Fed Up Queers, with the support of Act Up and Health GAP, disrupted kick-off events of Vice President Al Gore's Presidential campaign in three cities, denouncing his role in the threat of trade sanctions against Nelson Mandela's South Africa if it did not repeal the Medicines Act. Ultimately, pressure from Jesse Jackson and activists resulted in the United States adjusting its trade policies to enable poor countries, such as South Africa, to gain access to essential medicines.

The group lasted two and half years. Some claim the group disbanded due to tactical disagreements. Others claim the breakup was due to one activist pushing his agenda of cross-generational sex. Various members of the group continued to stage actions using the name, or occasionally reuniting in response to particular events.

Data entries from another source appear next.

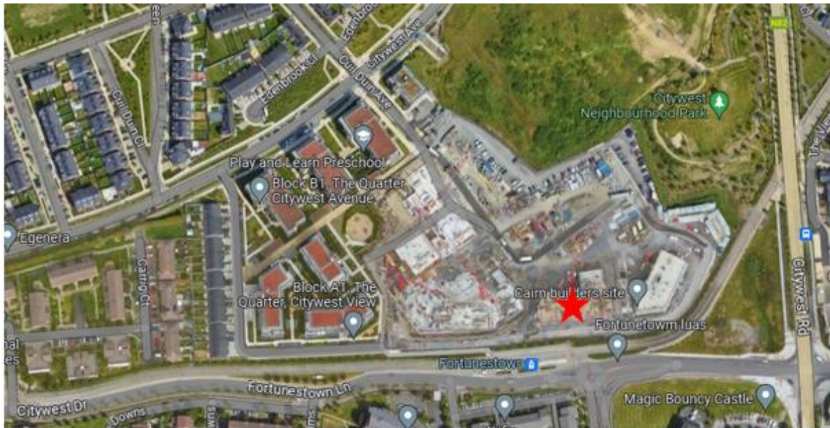
Figure 1 Site location – red star

Tramway Lane (Block E1 of SHD Permission ABP-310570-21) is located to the southern end of the permitted development site, immediately to the north of the redline line luas stop, Fortunestown Lane. It is located along the southern road into the site. The subject application site is c. 194.6 sqm and is an irregular shape.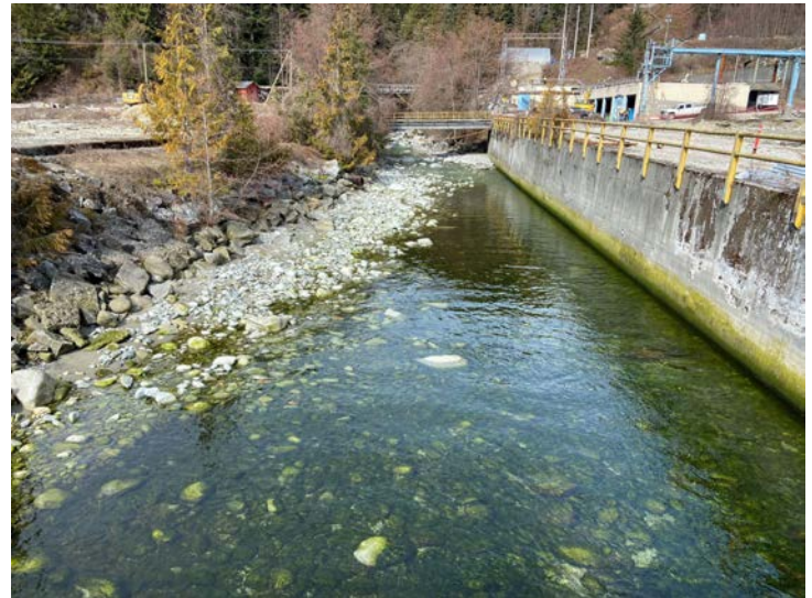
Mill Creek, Site Visit - March 2023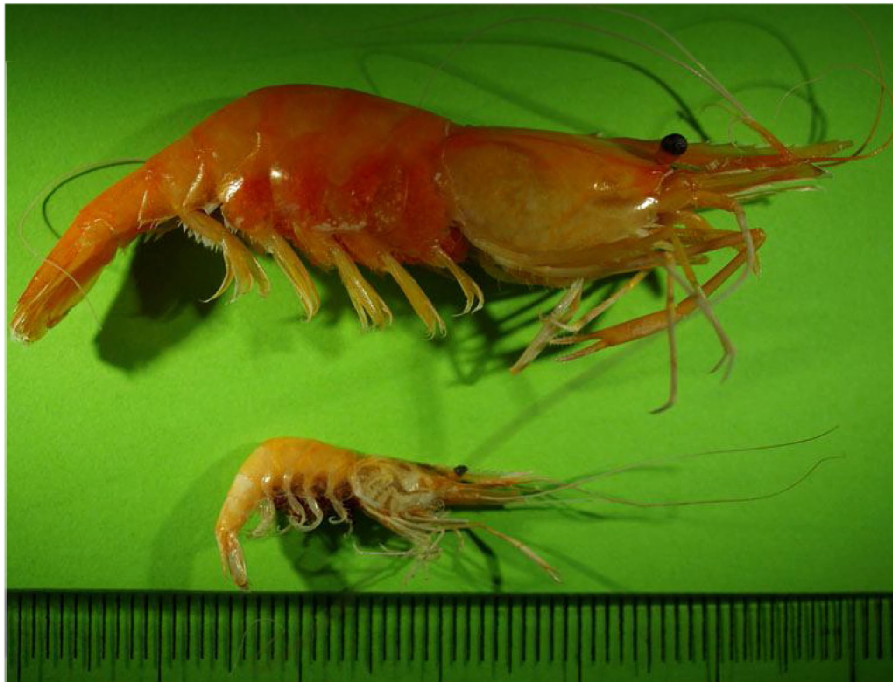
Figure 3. Ovigerous P. macrodactylus females: age 2+ (top) and 0+ (bottom). Divisions on the scale bar are millimeters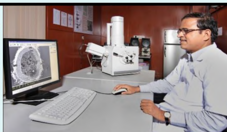
SCANNING ELECTRON MICROSCOPE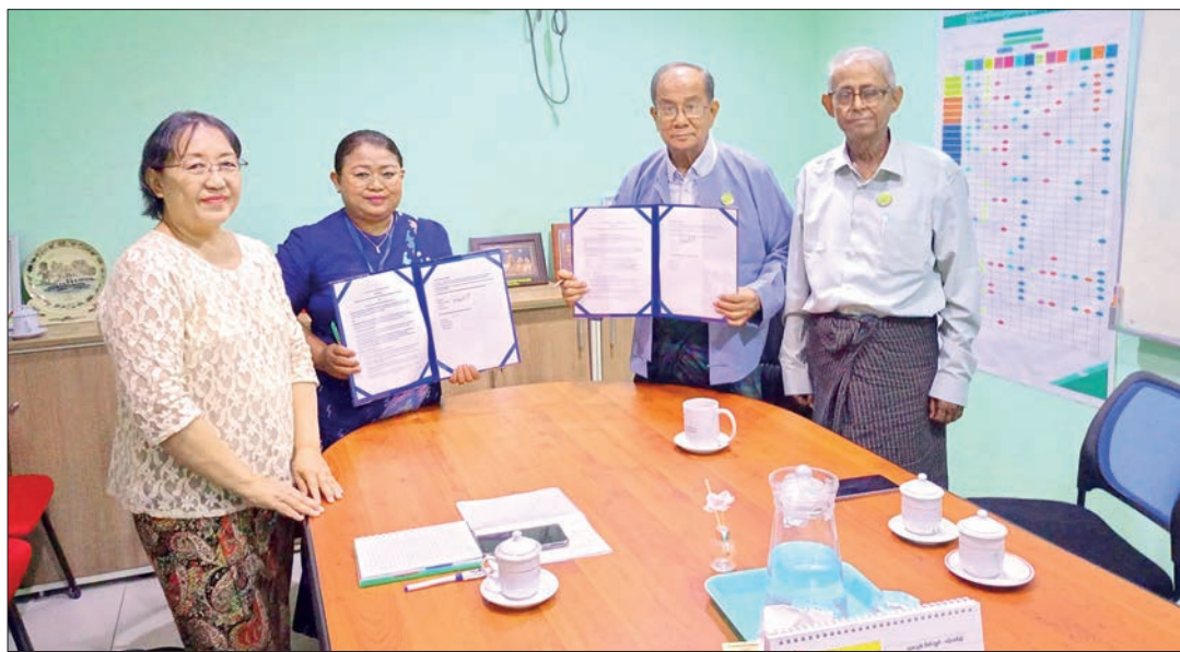
Officials from the Myanmar Fruit, Flower and Vegetable Producer and Exporter Association (MFVP) and MyanSeed Agribusiness Consultancy Co Ltd show their MoU documents at the signing event on 30 March 2026.

This MoU aims to cooperate in research activities for agricultural development, organizing training, seminars, and technical talks, exchanging research findings and implementing advanced farming methods. — NN/KK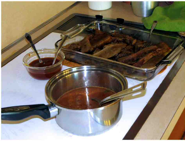
Barbecued brisket for lunch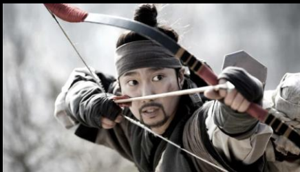
War of the Arrows (Kim Han-min, 2011)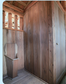
Mantoku Inn Built : End of Edo period to beginning of Meiji period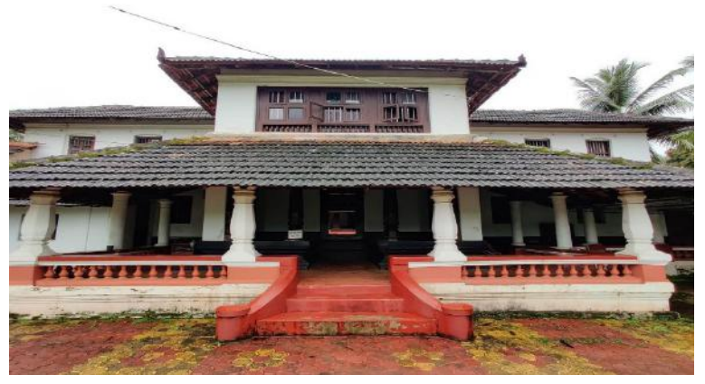
Guthu mane in Karnataka

Guthu Mane . In Karnataka, Guthu Mane is built to fit the requirements of matrilineal joint families. As such, they are large, square in shape, and have ample space for storage. All Guthu houses had a veranda that acted as a sit-out. The houses usually emphasised a lot of woodwork. The doors were made from intricately carved teakwood or rosewood. Ornate and exquisitely sculpted wooden pillars decorated the interiors of the inner courtyard. These pillars supported a decorated wooden ceiling, which usually had designs of mango and floral motifs, foliage, and coin patterns. Solid wooden beams held this grand ceiling.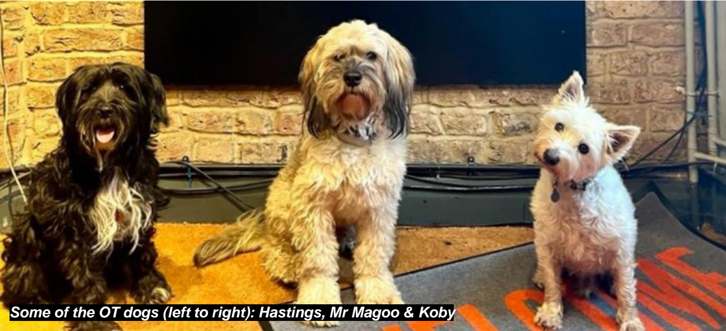
Some of the OT dogs (left to right): Hastings, Mr Magoo & Koby

A new group called Fed Up Queers formed in 2009, in Arkansas.

== Notable actions ==
- Stop the Parade, activists attempted to stop Rudy Giuliani from marching in the Gay Pride Parade by chaining themselves across Fifth Avenue in New York City, June 28, 1998
- Queers Bash Back, march to bring attention to the knife attack of a lesbian in Brooklyn, and murders of gay men and trans people in the city, Brooklyn, NY, September 27, 1998
- Matthew Shepard Political Funeral, New York City, October 19, 1998
- Wake Up for World AIDS Day, midnight "wake up call" to New York State Assemblywoman Nettie Mayersohn's house in Flushing, Queens, NY. December 1, 1998
- Your Bullets are Racist, protesting the NYPD's murder of Amadou Diallo, New York City, February 22, 1999
- Political funeral for Billy Jack Gaither, March 15, 1999
- Gore's Greed Kills, Carthage, TN; New York, NY; Manchester, NH, June–July 1999
- Protesting Rudy Giuliani's keynote speech to the Log Cabin Republicans at the Roosevelt Hotel, August 28, 1999.
- Activists chained themselves to the Christmas tree in Rockefeller Center before it was lit (and were promptly arrested), to protest lighting ceremonies being held on World AIDS Day. December 1, 1999
- Political funeral for Sakia Gunn, July 11, 2003

== Publications ==
- Splayed, a spoof on the straight-owned gay newspaper The Gay Blade, otherwise known as The New York Blade, after it fired one of its employees for their "gay bias" in an article.